「わあ可愛い! ありがとうございます!」
気に入ってくれたようだ。彼女はそのぬいぐるみを僕から受け取って、眺めてからそして抱きしめた。ふわふわの毛の質感が堪らないようで、嬉しさが飛び出したような声が漏れる。
「良かったそれで。気に入ってくれて」
「はい! 可愛いですよ。ありがとうございます。遥人(はると)くん」
今、僕の頭の中にハテナのマークがぱっと浮かんだ。遥人くんと彼女は言ったのだ。それは別の男の名前でも何でもなくて、正真正銘僕の名前だった。遥人、それがこの二十年近く一緒に歩いてきたものだった。
「な、何で?」
「えっ?」
そこから彼女も気づいたのか、どんどんと焦りの表情が組みあがっていく。大きな瞳がきょろきょろと動いて、落ち着かない。
「僕、遥人って教えたことないよ」
「い、いやぁ、その、ポストで」
「ポストには名字しか載ってないよ。どこで知ったの?」
彼女はすごく怯えているようだった。何故僕の名前を知っているのかと問い詰められ、怒られると思っているからだろう。しかし違う。僕はそんな小さな男ではない。むしろ名前で呼ばれて嬉しさがあふれ出ているのだ。あの声で呼ばれたのだ、それは凄いことだ。
「別に怒らないからさ、正直に言ってみてよ。ね?」自分が考えられる限界の、優しい声で訊いた。
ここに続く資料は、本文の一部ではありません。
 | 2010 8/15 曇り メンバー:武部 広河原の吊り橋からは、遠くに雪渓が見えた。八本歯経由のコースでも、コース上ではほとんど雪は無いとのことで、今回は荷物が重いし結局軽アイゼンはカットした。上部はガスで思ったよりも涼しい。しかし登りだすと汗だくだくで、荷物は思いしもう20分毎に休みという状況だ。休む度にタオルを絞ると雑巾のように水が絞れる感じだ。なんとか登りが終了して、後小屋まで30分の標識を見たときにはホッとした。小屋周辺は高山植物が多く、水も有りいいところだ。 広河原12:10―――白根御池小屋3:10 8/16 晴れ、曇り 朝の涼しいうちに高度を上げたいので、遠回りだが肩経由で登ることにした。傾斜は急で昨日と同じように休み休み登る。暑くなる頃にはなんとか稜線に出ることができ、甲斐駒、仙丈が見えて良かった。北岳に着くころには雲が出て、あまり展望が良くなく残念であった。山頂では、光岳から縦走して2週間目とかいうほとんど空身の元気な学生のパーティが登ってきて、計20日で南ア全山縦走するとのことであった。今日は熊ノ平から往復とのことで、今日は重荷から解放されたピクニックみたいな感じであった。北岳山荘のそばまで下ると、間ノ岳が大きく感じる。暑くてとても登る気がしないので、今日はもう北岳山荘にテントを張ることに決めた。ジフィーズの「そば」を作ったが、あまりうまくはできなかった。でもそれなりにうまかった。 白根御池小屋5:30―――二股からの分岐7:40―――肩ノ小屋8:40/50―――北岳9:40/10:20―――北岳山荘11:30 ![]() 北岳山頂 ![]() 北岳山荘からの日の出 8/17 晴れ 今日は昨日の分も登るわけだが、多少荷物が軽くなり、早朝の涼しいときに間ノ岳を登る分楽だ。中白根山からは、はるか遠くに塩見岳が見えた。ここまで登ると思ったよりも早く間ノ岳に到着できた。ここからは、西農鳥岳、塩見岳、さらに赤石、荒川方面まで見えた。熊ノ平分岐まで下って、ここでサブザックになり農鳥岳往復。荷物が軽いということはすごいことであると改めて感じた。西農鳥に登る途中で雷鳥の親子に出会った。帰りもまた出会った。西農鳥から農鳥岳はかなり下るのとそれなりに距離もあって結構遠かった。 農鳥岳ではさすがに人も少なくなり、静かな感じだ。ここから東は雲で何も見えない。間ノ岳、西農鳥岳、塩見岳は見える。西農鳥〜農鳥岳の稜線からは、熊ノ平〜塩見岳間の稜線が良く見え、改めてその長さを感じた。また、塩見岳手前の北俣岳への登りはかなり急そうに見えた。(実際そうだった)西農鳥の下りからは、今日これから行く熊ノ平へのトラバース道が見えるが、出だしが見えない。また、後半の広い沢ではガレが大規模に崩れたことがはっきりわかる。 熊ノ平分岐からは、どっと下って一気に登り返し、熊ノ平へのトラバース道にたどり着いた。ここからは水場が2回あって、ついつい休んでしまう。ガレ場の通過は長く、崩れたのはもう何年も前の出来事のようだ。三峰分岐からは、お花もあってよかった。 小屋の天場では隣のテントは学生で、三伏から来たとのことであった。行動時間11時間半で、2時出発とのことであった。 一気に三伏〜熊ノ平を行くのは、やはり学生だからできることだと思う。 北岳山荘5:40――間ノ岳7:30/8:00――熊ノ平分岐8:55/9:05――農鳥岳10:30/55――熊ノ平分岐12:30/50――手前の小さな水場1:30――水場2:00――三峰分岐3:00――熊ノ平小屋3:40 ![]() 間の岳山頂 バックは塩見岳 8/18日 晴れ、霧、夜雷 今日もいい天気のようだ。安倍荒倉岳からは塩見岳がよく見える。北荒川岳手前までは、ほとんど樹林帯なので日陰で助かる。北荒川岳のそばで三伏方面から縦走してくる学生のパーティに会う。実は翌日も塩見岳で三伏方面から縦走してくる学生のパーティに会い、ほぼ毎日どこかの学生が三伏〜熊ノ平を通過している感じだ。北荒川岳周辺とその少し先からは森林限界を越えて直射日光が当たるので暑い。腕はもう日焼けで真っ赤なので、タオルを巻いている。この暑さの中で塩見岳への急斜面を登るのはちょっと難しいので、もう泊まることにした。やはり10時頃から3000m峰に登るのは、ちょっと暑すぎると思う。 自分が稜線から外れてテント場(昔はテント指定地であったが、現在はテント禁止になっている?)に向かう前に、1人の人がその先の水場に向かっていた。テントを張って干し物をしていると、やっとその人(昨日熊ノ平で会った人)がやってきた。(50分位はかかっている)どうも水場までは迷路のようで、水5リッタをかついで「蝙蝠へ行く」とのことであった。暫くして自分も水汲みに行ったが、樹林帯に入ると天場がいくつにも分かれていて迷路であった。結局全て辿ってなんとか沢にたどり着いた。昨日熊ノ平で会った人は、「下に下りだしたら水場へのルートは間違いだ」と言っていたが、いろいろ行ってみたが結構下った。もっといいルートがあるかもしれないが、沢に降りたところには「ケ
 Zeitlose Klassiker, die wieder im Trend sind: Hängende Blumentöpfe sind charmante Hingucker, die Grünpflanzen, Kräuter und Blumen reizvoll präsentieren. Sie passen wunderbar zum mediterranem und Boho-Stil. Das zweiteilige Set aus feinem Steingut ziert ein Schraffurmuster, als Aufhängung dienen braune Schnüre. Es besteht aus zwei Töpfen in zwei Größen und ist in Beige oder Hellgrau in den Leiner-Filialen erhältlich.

「……抜いたんです、ポストから。それで……見たんです」
静かな時間が少しあって、それから彼女がうつむきながら言った。肩を震わせていて、まるでこれから罰せられる罪人のようだった。
「なるほど。それならわかるね、名前」
「ごめんなさい。気になって、あたし、あたし……」
「良いよ良いよ。でもそれなら最初の時、訊いてくれれば良かったのに」
「知ってたんです。あの時はもう」
今度は本当に驚いた。知っていたのだと彼女が言ったのだ。その意味を確かめるのに僕は何回も呪文のように唱えるが、何も魔法は起こらない。
「ずっと、ずっと見ていたんです。遥人くんを」
一体なんだと言うのだ。ずっと見ていたと彼女はそう言ったのか。とんでもない話だ。それは僕の方が間違いなくしているはずだ。いや、僕しかしていないはずだ。なのに未理ちゃんは。
「あの、ずっとあたしのこと見てたよね?」
パンと僕の頭が吹っ飛んだ音がした気がする。
「あの窓から、いつもあたしのこと見てたよね? 知ってたんです。気づくに決まっているじゃないですか」
何と言うことだ。完璧にバレていたのだ。僕のひそかな楽しみは、第三者に気づかれることはなかったのに、一番重要な本人に知られていたのだ。細心の注意を払ってきたはずなのに、こうもあっさりと見つかってしまっていた。
「い、いや、違っ……!」
「違わないです! だから、だからなんじゃないですか! 遥人くんがあたしをいつも見てるから、あたしは、あたしは……っ」
顔を近づけて、心痛そうに声を大きくする。瞳には涙が浮かんでいて、顔も紅潮してしまっている。とても複雑な表情で、どんどん距離が縮まっていく。
「気になってしまったの!」
まだまだ彼女は続ける。
「最初は、本当に気にならなかったの。だけど、ずっと遥人くんはあたしのこと見てて、どんどん気味が悪くなった。一時期は大っ嫌いだったの。なのに、しばらくしたら気になって気になって仕方がなかったの。そんなにあたしのこと好きなのかなって、そしてどんな人なんだろうかって。そして気づいたら、あたしこんなストーカーみたいな事してて」
ぼろぼろとついに大粒の涙がこぼれ始めていた。それはとてもキレイな形をしていて、重力に引かれていく。思わず掬い上げたくなったが、そんなことをしている場合ではない。僕のせいなのだ、彼女がこんな思いをしているのは。僕が辱めてしまったのだ。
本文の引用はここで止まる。